How Much Protein Is in a Pound of Turkey Breast?

turkey breast

Ever wondered how much protein you’re really getting from that pound of turkey breast? Whether you’re meal prepping, tracking macros, or just curious about your protein intake, I’ve got the answer.

turkey breast

The Protein Power of Turkey Breast: How Much Bang for Your Buck?

Let’s cut right to the chase: a pound (454 grams) of turkey breast packs about 110-115 grams of protein depending on the cut and how it’s prepared.

But there’s more to this story than just one number.

The Turkey Breast Protein Breakdown

turkey breast

Different sources report slightly different numbers:

  • JENNIE-O® Extra Lean Ground Turkey Breast gives us 28 grams of protein per 4-ounce serving. Do the math (multiply by 4 to get a pound) and you end up with 112 grams of protein per pound of their product.

  • According to Healthline, 100 grams of turkey breast contains about 24-29 grams of protein. If we use the average (26.5g) and multiply it out for a pound (454g), we get roughly 120 grams of protein.

  • The USDA nutrition database shows that roasted turkey breast is about 30% protein by weight, which translates to approximately 136 grams per pound for super lean cuts.

  • Medical News Today reports around 29 grams of protein per 100 grams of roasted turkey with skin, giving us about 131 grams per pound.

Why Do These Numbers Vary?

turkey breast

The protein content in turkey breast varies for several reasons (and no, it’s not just to confuse you):

  1. Skin on vs. skinless – Skinless turkey breast has a higher protein concentration because skin adds fat but not much protein.

  2. Cooking method – Roasting, grilling, or frying affects moisture content, which changes the protein-to-weight ratio.

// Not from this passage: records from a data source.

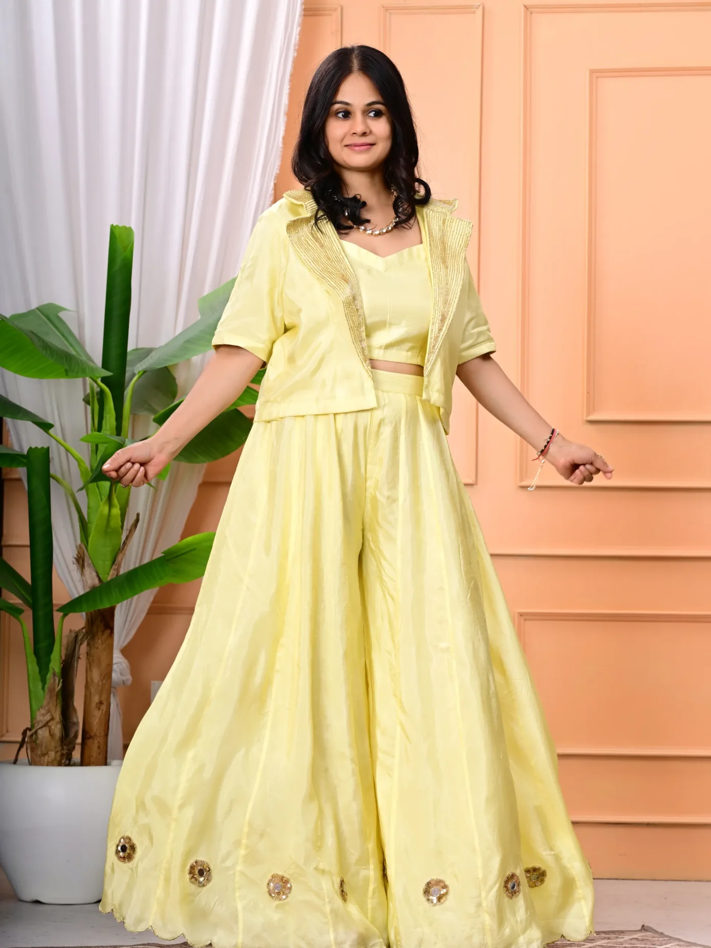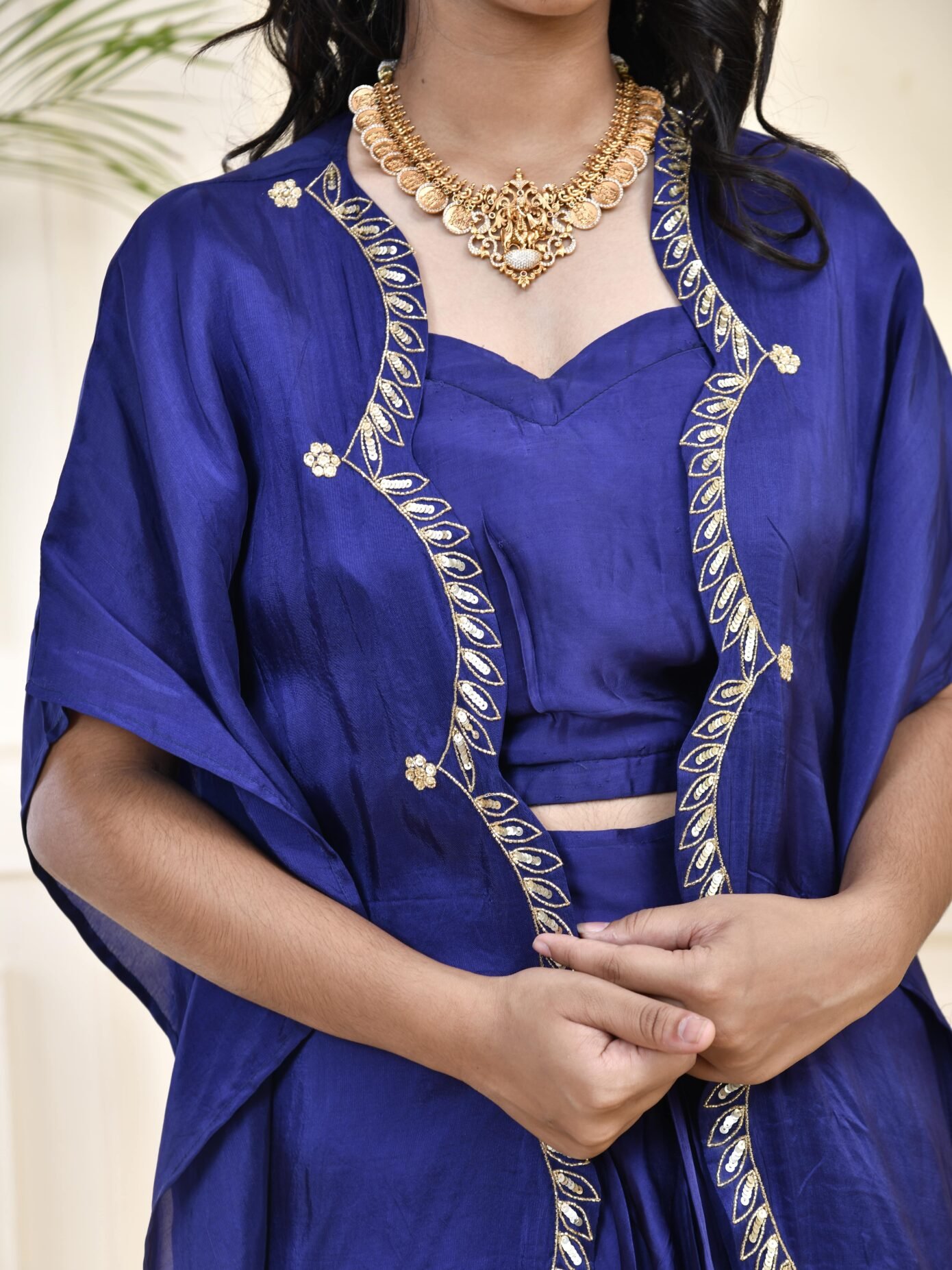 Style it with a sleek bun, statement earrings, and pastel heels for a classy festive look.
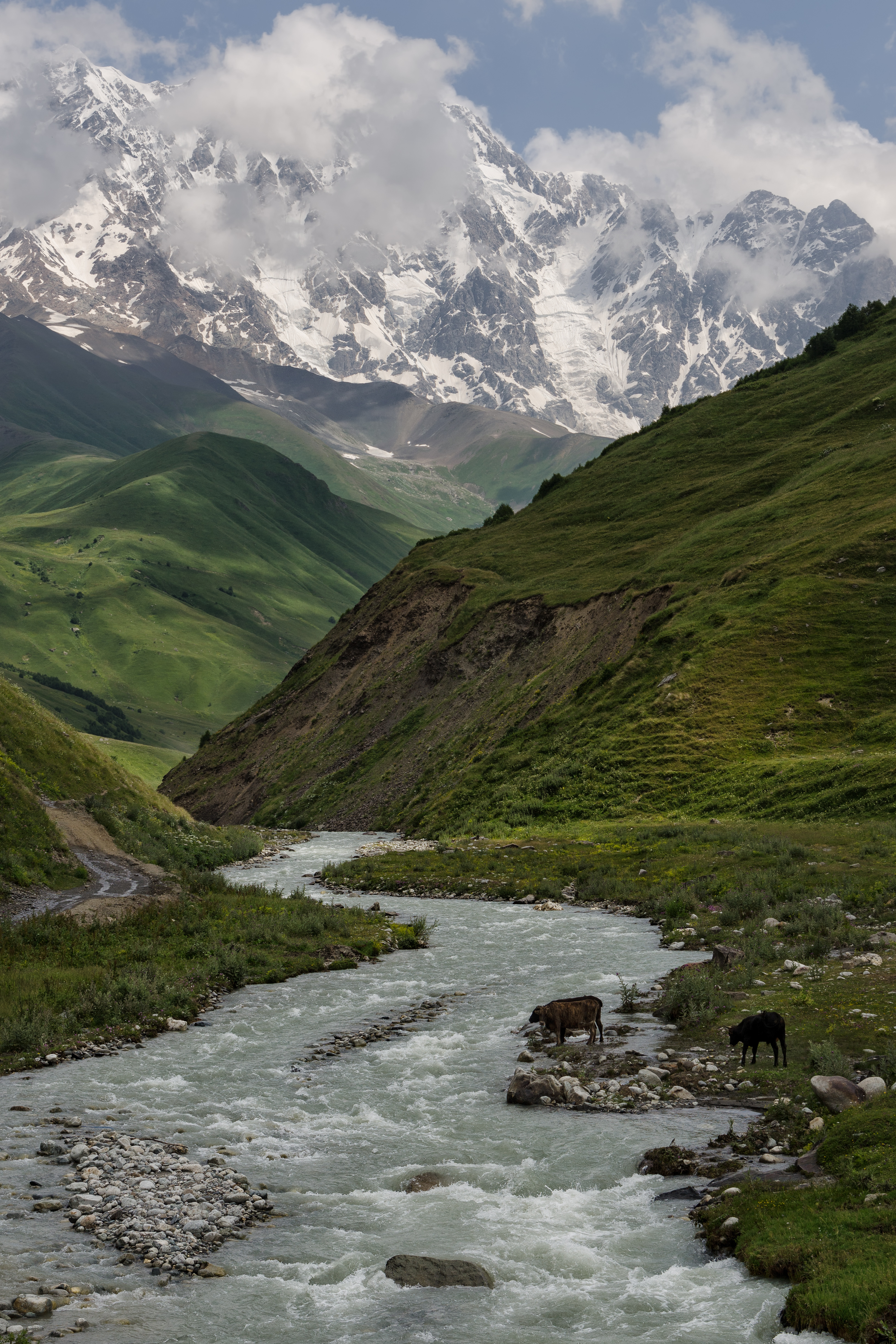 Грузия, дорога к леднику. Очень нравится этот кадр, тут и S линия в виде реки, переходящая в гору и далее к снежным шапкам. Коровы задают масштаб и передний план. И красиво ложится свет на холм и тени от облаков.
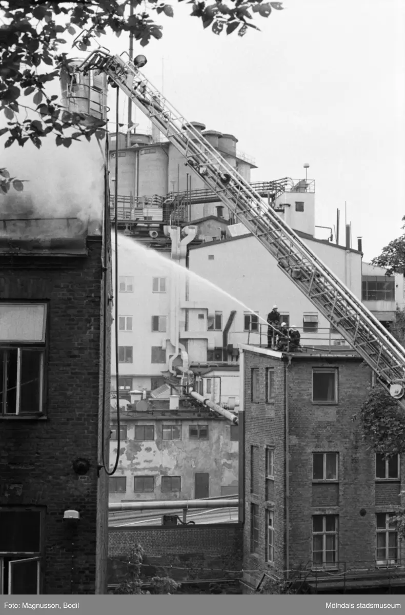 Soab-branden i Stora Götafors den 4 juni 1986. Brandmän bekämpar branden från Lilla Götafors samt med lyftkran.
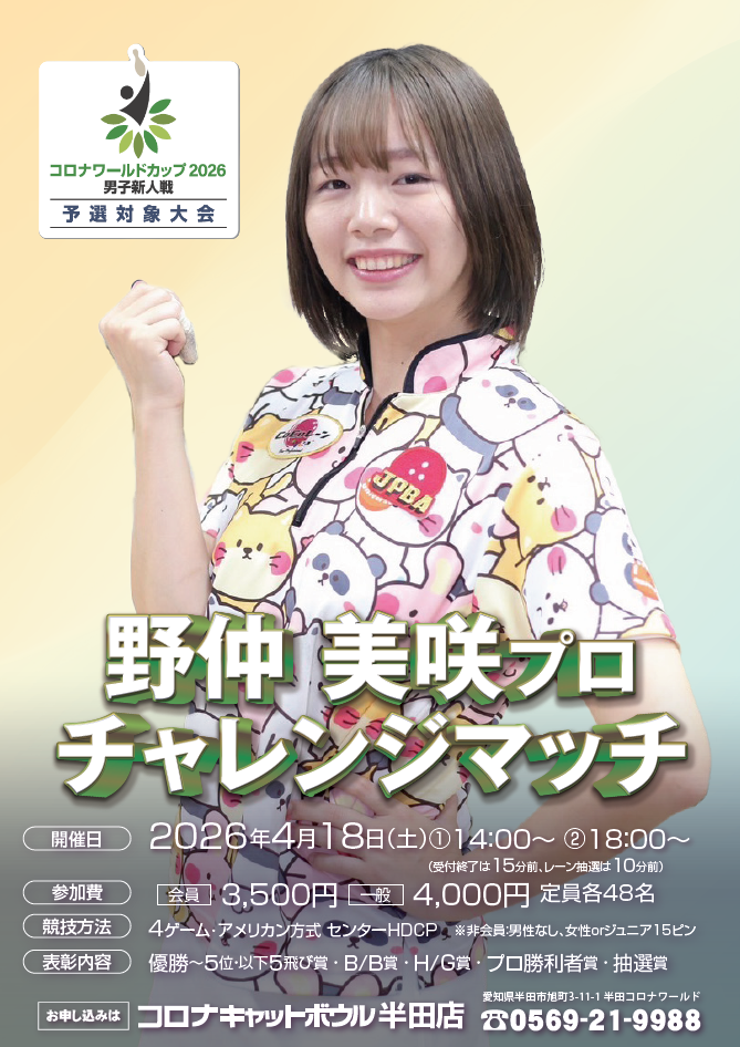 | 参加プロボウラー | 野仲美咲プロ |
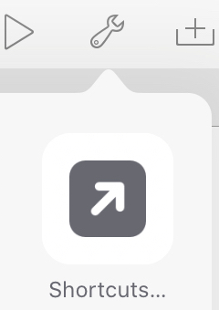 大多数功能可以通过点击编辑器中的“扳手”按钮,然后选择“Shortcuts”进行可以访问。
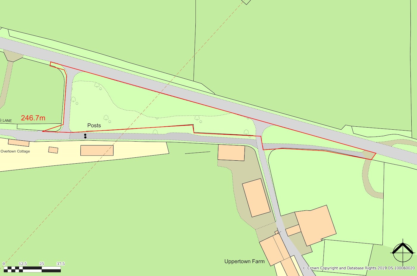 The property comprises a triangular area of wooded land with a good road frontage on one side and footpath along the rear side, and includes an access track over which Upper town Farm to the rear has a right of way. We are advised that the site extends to approximately 0.8 acres (0.32 hectares).
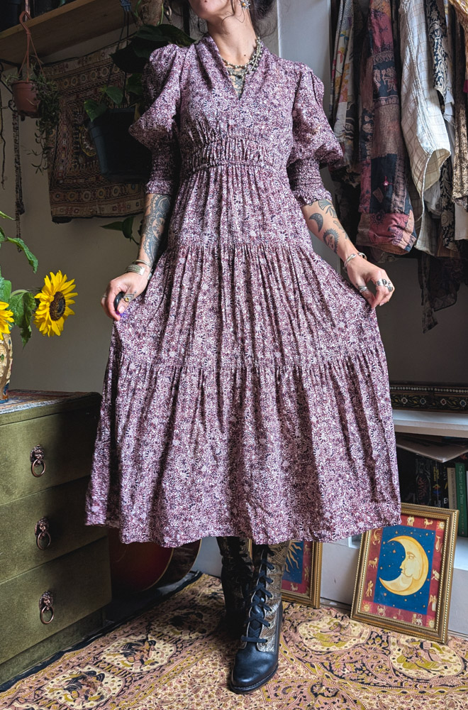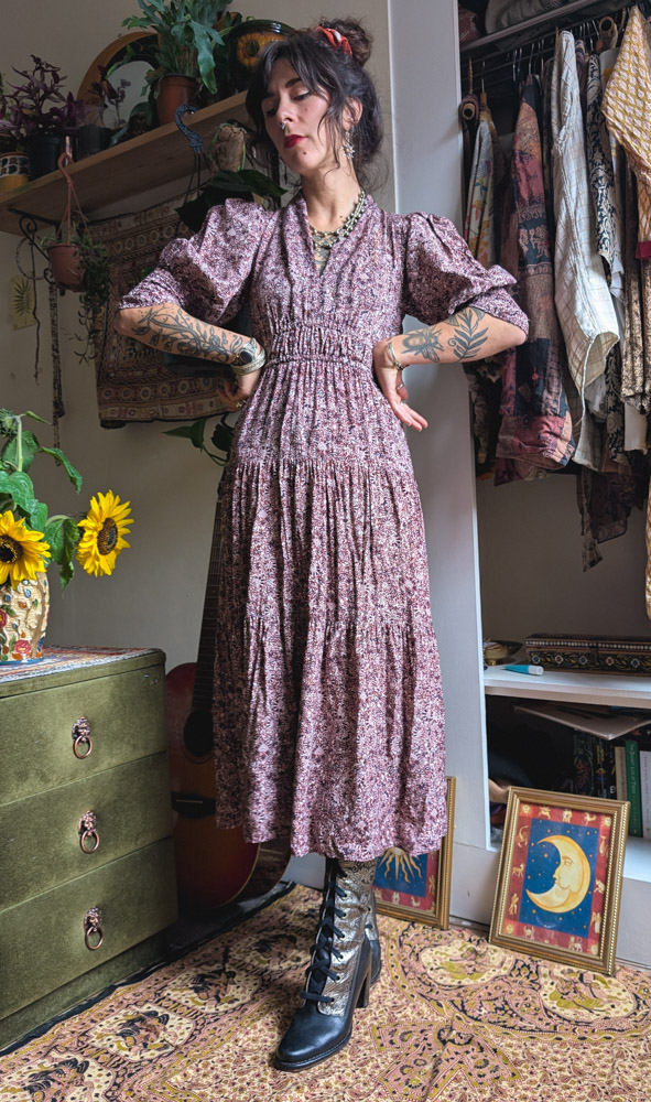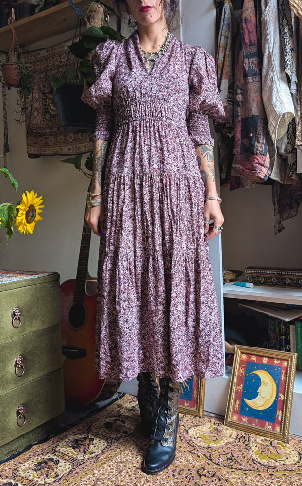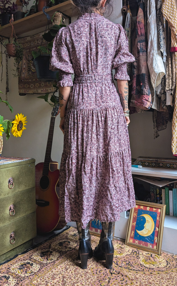 Classic bohemian dress from fancy brand Ba&ash (RRP €200+). Short sleeves, v-neck and elasticated waist with a long, tiered skirt. Concealed zip to fasten on the back. We have laundered this so it’s fresh and ready to wear.

As turkey cooks, it loses water and becomes more protein-dense per ounce.

  3. Ground vs. whole – Ground turkey breast might have slightly different nutritional values than a whole breast.

  4. Brand differences – Different turkey producers may have birds with varying nutritional profiles.

Turkey Breast Nutritional Profile: More Than Just Protein

Turkey breast isn’t just a protein powerhouse—it’s a nutritional MVP. For every 100 grams of skinless turkey breast, you’re getting:

  • Calories: ~120-130 kcal
  • Protein: ~25-29 grams
  • Fat: 1-3 grams
  • Carbs: 0 grams (yep, ZERO!)

It’s also loaded with B vitamins (especially B3 and B6), selenium, and phosphorus, which support energy metabolism and immune function.

What This Means for Your Meal Planning

turkey breast

If you’re tracking macros (and who isn’t these days?), here’s what you need to know about a pound of turkey breast:

  • Protein: About 110-115 grams
  • Calories: Roughly 480-520 kcal
  • Fat: Approximately 10-12 grams

This makes turkey breast one of the leanest protein sources you can find. Compare that to a pound of 80/20 ground beef, which has around 80 grams of protein but over 1,200 calories!

Practical Applications: Meal Prep Like a Pro

Here’s how to use this information in real life:

  1. Meal prepping for muscle gain: If you need 30g of protein per meal, a quarter-pound of turkey breast will get you there with minimal fat.

  2. Cutting calories but keeping protein high: Turkey breast gives you more protein per calorie than almost any other meat.

  3. Post-workout nutrition: With its high protein content and minimal fat, turkey breast is perfect for post-workout recovery meals.

  4. Family meal planning: When cooking for multiple people with different protein needs, you can easily calculate how much turkey to prepare.

Personally, I’ve found that pre-cooking a few pounds of turkey breast on Sunday makes weekday meal prep a breeze. Slice it, dice it, shred it—it’s versatile enough to keep meals interesting all week.

The Bottom Line

turkey breast

If someone asks you how much protein is in a pound of turkey breast, you can confidently say 110-115 grams without missing a beat.

Turkey breast is a lean, high-quality protein source that deserves a place in any nutrition-focused diet. Whether you’re building muscle, losing fat, or just trying to eat healthier, turkey breast delivers serious nutritional value.